» **What is required**: Full transcription, minus images: write out the listing below exactly as it appears.

» **Source material**:

+ + +

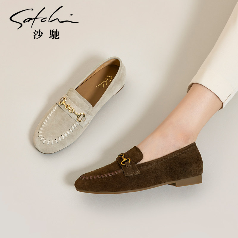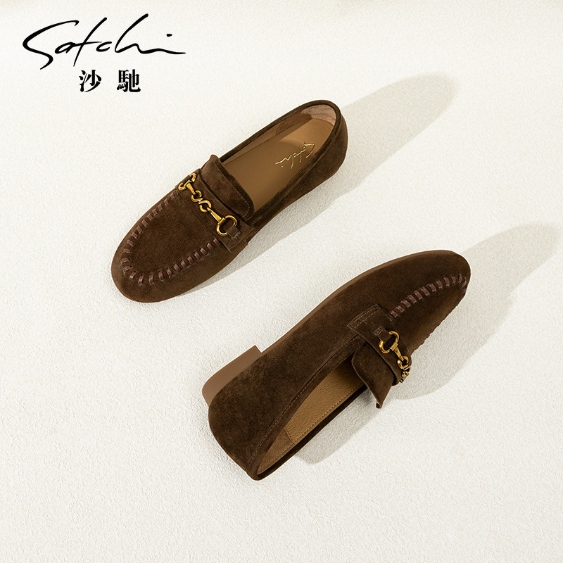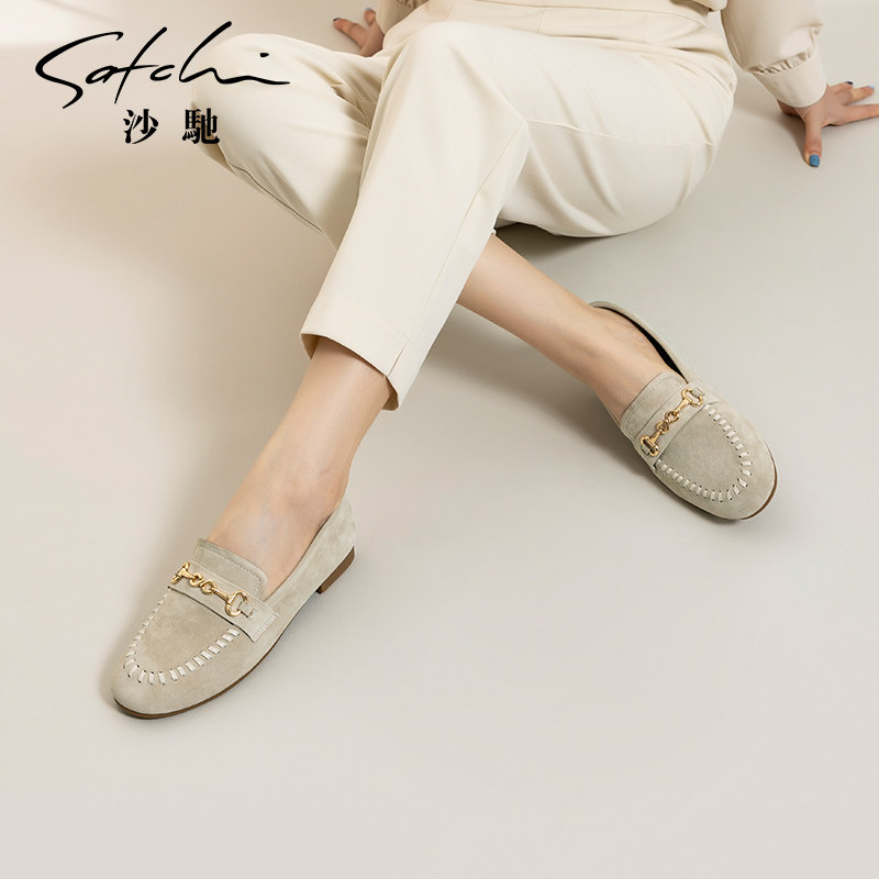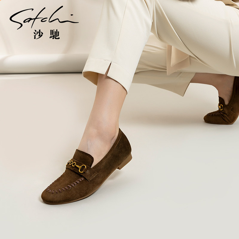 沙驰女鞋舒适羊皮平底单鞋2025年秋冬新款时尚马衔扣潮乐福鞋深口
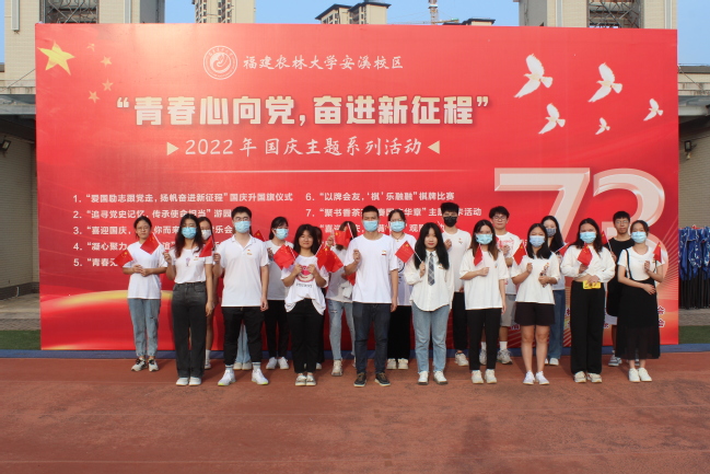 据悉,国庆期间,全校各级团学组织共将分阶段开展为期15天的系列主题活动58场,涵盖思想引领、文化体验、素质拓展等类别,丰富多彩的活动传递着青年一代对祖国的深情,生在红旗下,长在春风里,农林大青年将以青春昂扬的姿态迎接党的二十大胜利召开。
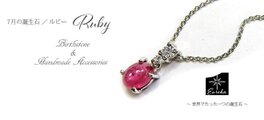 こちらは、丸みのあるカボッションカットのルビーを使用した、シンプルなペンダントネックレスです。

+ + +

» **Task result**:
 沙驰女鞋舒适羊皮平底单鞋2025年秋冬新款时尚马衔扣潮乐福鞋深口
 据悉,国庆期间,全校各级团学组织共将分阶段开展为期15天的系列主题活动58场,涵盖思想引领、文化体验、素质拓展等类别,丰富多彩的活动传递着青年一代对祖国的深情,生在红旗下,长在春风里,农林大青年将以青春昂扬的姿态迎接党的二十大胜利召开。
 こちらは、丸みのあるカボッションカットのルビーを使用した、シンプルなペンダントネックレスです。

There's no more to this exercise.